Pourtant même si elles sont rares, quelques belles histoires naissent comme des petits miracles. Il arrive que des femmes reprennent contact avec Emmanuelle à leur sortie de prison en cherchant le nom de sa compagnie sur Internet – « les Alouettes Naïves »  – et en venant suivre ses cours à Montreuil. Souvent, elles se livrent sur leur expérience de la danse en milieu carcéral. Certaines ont mieux supporté l’incarcération, ont trouvé la force et la résistance de continuer à vivre et à envisager un avenir meilleur. Les outils d’Emmanuelle invitent à s’offrir un instant de liberté dans un univers verrouillé. Certaines s’en servent, d’autres pas.
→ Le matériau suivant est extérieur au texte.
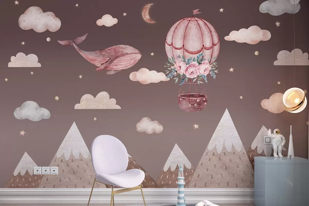 Fotomurales Ballena linda con globo de aire, cielo oscuro con nubes, montañas, acuarela, colores rosados Nr. w03673v1
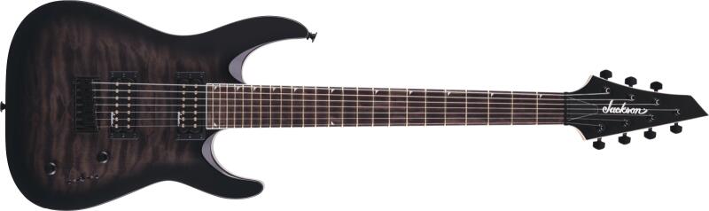Termékleírás A JS Series Dinky® Arch Top JS22Q-7 DKA HT tökéletes választás a hét húros gitárok rajongói számára, akik stílusos és megfizethető hangszerre vágynak. Az 26.5 hüvelykes skálahossz javítja az alacsony frekvenciák artikulációját, míg a könnyű és rezonáló nyárfa test, valamint a rétegelt juhar ívelt teteje stabilitást és kiváló zenei teljesítményt kínál. A bolt-on juhar nyak grafit megerősítéssel van ellátva, amely biztosítja a hosszú távú megbízhatóságot. A 12"-16" compound radius amaranth fogólap 24 jumbo bunddal és gyönyörű gyöngyház beépített inakkal kiváló játékélményt nyújt, lehetővé téve a vastag riffek és gyors szólók feszültség nélküli megvalósítását. A JS22Q-7 DKA HT két Jackson® High-Output 7-húros hangszedőt használ, háromállású kapcsolóval, valamint külön volumen- és hangerőszabályzóval felszerelve. Az állandó Jackson HT7 híd lehetővé teszi a tökéletes hangzást és stabili hangeszközi teljesítményt. Ez a fantasztikus hét húros gitár a hátborzongató Transparent Black Burst bevonattal és fekete hardverrel készült, felkészülve arra, hogy megjelenítse zenei tehetségét. Specifikációk

« Je fais très attention à être au bon endroit, je suis totalement avec elles, pour elles, de leur côté, mais je ne suis pas une copine, je ne suis pas une psy, encore moins une art-thérapeute. Je suis une artiste qui vient partager ce qu’elle a de mieux à partager, la danse. C’est grâce à cette infime limite posée assez naturellement que j’arrive à aller en prison chaque semaine depuis si longtemps et à continuer à partager la danse, à ne pas être totalement submergée par les histoires de vies, la souffrance qui plane. Il faut trouver une solution pour être totalement là, en empathie absolue et en même temps savoir se protéger. »

crédit photo : Chrystel Jubien

 

 

Un acte de résistance

« La prison est la pire des solutions. » s’insurge Emmanuelle.

La population carcérale est pour la majorité issue de milieux très fragiles et précaires dont les femmes ne représentent qu’à peine 4%. Souvent compagnes et parfois complices malgré elles d’un homme qu’elles suivent dans ses délits, elles se retrouvent en prison laissant parfois leurs enfants derrière elles. La précarité sociale, économique, culturelle, éducative, familiale est la principale cause de ces vies qui basculent dans le drame. Les familles sont déstructurées, il n’y a plus d’avenir, plus de repères et les conditions de détention conduisent à la déshumanisation.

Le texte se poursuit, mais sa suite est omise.